Finally, to explore potential mediation effects of maternal GWG on infant body composition, we performed simple mediation analyses using the PROCESS macro version 3.5, with 5000 bias‐corrected bootstrap samples and 95% confidence intervals, in SPSS (IMB SPSS statistics, version 26, IBM Corp., Armonk, NY). As illustrated in Figure 1, mediation was assessed by the indirect effect of group allocation (independent variable) on infant body composition (dependent variable) through maternal GWG.

FIGURE 1

Diagram illustrating the mediation analyses. Pathway c shows the association between independent (group allocation) and dependent variable (infant body composition). The indirect effect pathway follows a × b, and c′ is the direct effect pathway

RESULTS

Participants

The flowchart of the HealthyMoms trial from baseline to the measurement 1–2 weeks postpartum is shown in Figure 2. In total, 305 women completed baseline measures in gestational week 14 (intervention = 152; control = 153), and 271 women also completed the follow‐up measurement in gestational week 37 (intervention = 134; control = 137). Of these 271 women, 14 participants dropped out prior to the postpartum measurement due to personal reasons (n = 4), premature birth (n = 1), complications after delivery (n = 7) or unknown reasons/no contact (n = 2), resulting in that 257 mother–infant pairs returned for the measurement 1–2 weeks postpartum. For the complete case analysis, 10 mother–infant pairs were excluded due to the following reasons: infant hip dislocation (n = 2) or other conditions (n = 2), or that the measurements were not performed according to the PeaPod protocol (n = 6) (n = 247).

FIGURE 2

The flow of the HealthyMoms trial from baseline in early pregnancy until follow‐up 1–2 weeks postpartum

The women were on average 31.4 (SD 4.1) years of age, 78.5% (194/247) had a university degree, 56.3% (139/247) were primiparous and gained on average 10.7 (SD 3.2) kg between baseline and follow‐up in gestational week 37. Regarding infant characteristics at birth, average gestational age at birth was 40.2 (SD 1.2) weeks, 54.3% (134/247) were boys, and the average weight and length at birth were 3.53 (SD 0.46) kg and 50.4 (SD 2.0) cm, respectively. As shown in Table 1, maternal and infant characteristics were similar in the intervention and the control group.

TABLE 1

Maternal and infant characteristics (n = 247)

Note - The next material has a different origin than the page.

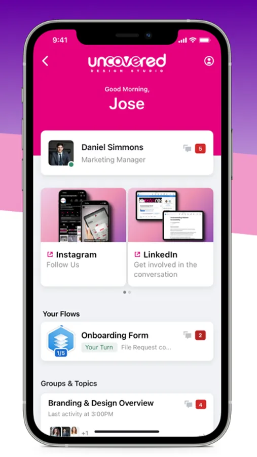 Our passion for design is matched by our commitment to helping you achieve your business objectives. The Uncovered App was launched to centralize communications and streamline design projects for a seamless experience at your fingertips. We take pride in delivering innovative, creative solutions that elevate brands and drive success. Our app supports capabilities such as secure messaging, document sharing, video conferencing, file annotation, private workspaces, and more. Use the Uncovered App to receive updates on your design projects, review to-do items, effectively collaborate with our team, and access your information.

	All (n = 247)	Intervention (n = 122)	Control (n = 125)
Maternal characteristics
Age (years)	31.4 (4.1)	31.5 (4.3)	31.2 (3.8)
Swedish born, (n, %)	219 (88.7)	111 (91.0)	108 (86.4)
Education level, (n, %)
Primary school (9 years)	2 (0.8)	0 (0)	2 (1.6)
High school (12 years)	51 (20.6)	29 (23.8)	22 (17.6)
University degree	194 (78.5)	93 (76.2)	101 (80.8)
Pregnancy information
Gestational age at baseline (weeks)	13.9 (0.7)	13.8 (0.6)	14.0 (0.8)
Height (m)	1.67 (0.06)	1.67 (0.06)	1.68 (0.06)
Baseline weight (kg)	67.5 (11.1)	68.1 (12.5)	66.9 (9.6)
Pre‐pregnancy BMI (kg/m2)	23.5 (3.7)	24.0 (4.1)	23.1 (3.1)
Pre‐pregnancy BMI‐categories, (n, %)
Underweight (<18.5 kg/m2)	5 (2.0)	1 (0.8)	4 (3.2)
Normal weight (18.5–24.9 kg/m2)	176 (71.3)	84 (68.9)	92 (73.6)
Overweight (25.0–29.9 kg/m2)	53 (21.5)	28 (23.0)	25 (20.0)
Obesity (>30 kg/m2)	13 (5.3)	9 (7.4)	4 (3.2)
Parity, (n, %)
0	139 (56.3)	69 (56.6)	70 (56.0)
≥1	108 (43.7)	53 (43.4)	55 (44.0)
GWG (from baseline to follow‐up) (kg) a	10.7 (3.2)	10.6 (3.2)	10.8 (3.2)
Total GWG (kg) b	14.5 (4.8)	14.5 (5.1)	14.5 (4.4)
GWG according to the NAM guidelines, (n, %)
Inadequate	31 (12.6)	13 (10.7)	18 (14.4)
Adequate	95 (38.5)	50 (41.0)	45 (36.0)
Excessive	121 (49.0)	59 (48.4)	62 (49.6)
Infant characteristics
Birth mode c , (n, %)
Non‐instrumental vaginal delivery	208 (84.9)	102 (85.0)	106 (84.8)
Instrumental	14 (5.7)	5 (4.2)	9 (7.2)
Caesarean section	23 (9.4)	13 (10.8)	10 (8.0)
Gestational age at birth (weeks)	40.2 (1.2)	40.1 (1.1)	40.2 (1.2)
Infant sex, (n, %)
Female	113 (45.7)	60 (49.2)	53 (42.4)
Male	134 (54.3)	62 (50.8)	72 (57.6)
Birthweight (kg)	3.53 (0.46)	3.52 (0.47)	3.53 (0.44)
Birth length (cm)	50.4 (2.0)	50.3 (2.1)	50.4 (1.8)
Age at measurement (weeks)	1.8 (0.4)	1.7 (0.4)	1.8 (0.4)
Feeding d , e , (n, %)
Breastfeeding	207 (84.1)	102 (83.6)	105 (84.7)
Formula	6 (2.4)	4 (3.3)	2 (1.6)
Combination	33 (13.4)	16 (13.1)	17 (13.7)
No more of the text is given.